### [Data to examine]
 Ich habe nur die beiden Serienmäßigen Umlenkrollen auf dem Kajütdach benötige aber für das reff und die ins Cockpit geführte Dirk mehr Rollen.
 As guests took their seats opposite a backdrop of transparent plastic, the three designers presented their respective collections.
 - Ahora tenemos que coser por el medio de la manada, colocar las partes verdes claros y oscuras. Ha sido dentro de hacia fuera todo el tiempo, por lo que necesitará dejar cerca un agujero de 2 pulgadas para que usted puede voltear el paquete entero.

* * *

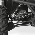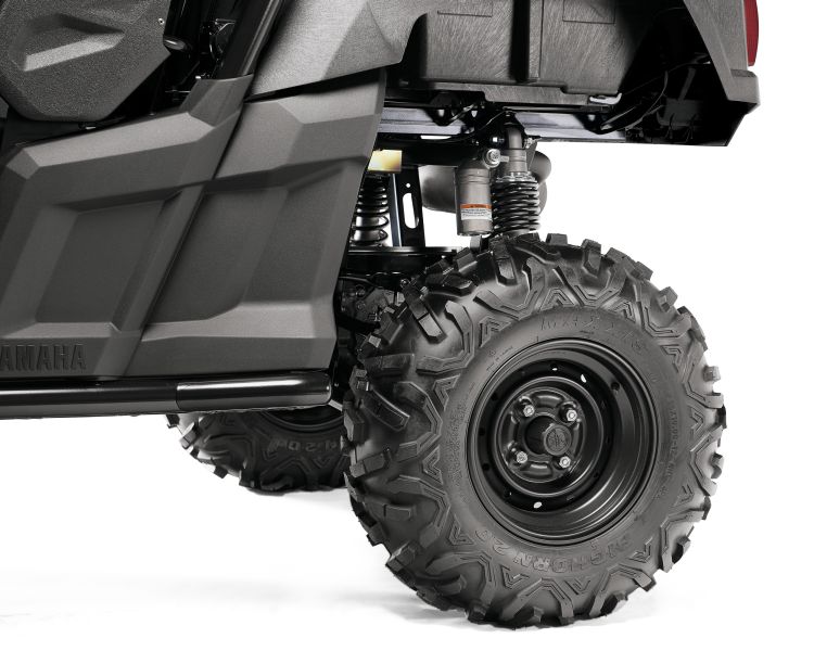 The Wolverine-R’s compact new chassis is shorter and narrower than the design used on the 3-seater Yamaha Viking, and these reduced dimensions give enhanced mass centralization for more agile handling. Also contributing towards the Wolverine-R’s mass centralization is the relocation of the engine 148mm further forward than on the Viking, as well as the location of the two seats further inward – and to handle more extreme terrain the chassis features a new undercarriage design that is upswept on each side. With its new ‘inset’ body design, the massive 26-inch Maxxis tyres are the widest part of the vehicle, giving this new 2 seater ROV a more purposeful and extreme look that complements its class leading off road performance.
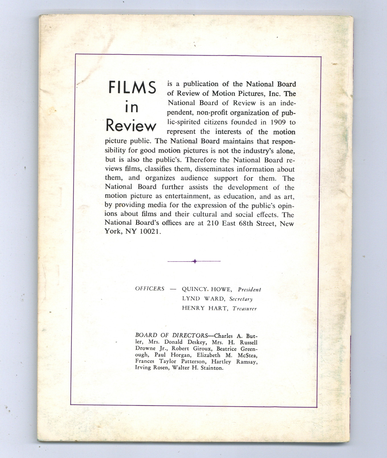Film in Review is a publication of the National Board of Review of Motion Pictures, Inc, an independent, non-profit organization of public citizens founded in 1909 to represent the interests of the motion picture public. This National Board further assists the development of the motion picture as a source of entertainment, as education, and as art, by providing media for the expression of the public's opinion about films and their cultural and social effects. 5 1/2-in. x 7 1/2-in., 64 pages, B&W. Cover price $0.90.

### [Activity]
Only the lines above from the one with "As guests took" through the one with "- Ahora tenemos" should be duplicated, character for character.

### [Reply]
 As guests took their seats opposite a backdrop of transparent plastic, the three designers presented their respective collections.
 - Ahora tenemos que coser por el medio de la manada, colocar las partes verdes claros y oscuras. Ha sido dentro de hacia fuera todo el tiempo, por lo que necesitará dejar cerca un agujero de 2 pulgadas para que usted puede voltear el paquete entero.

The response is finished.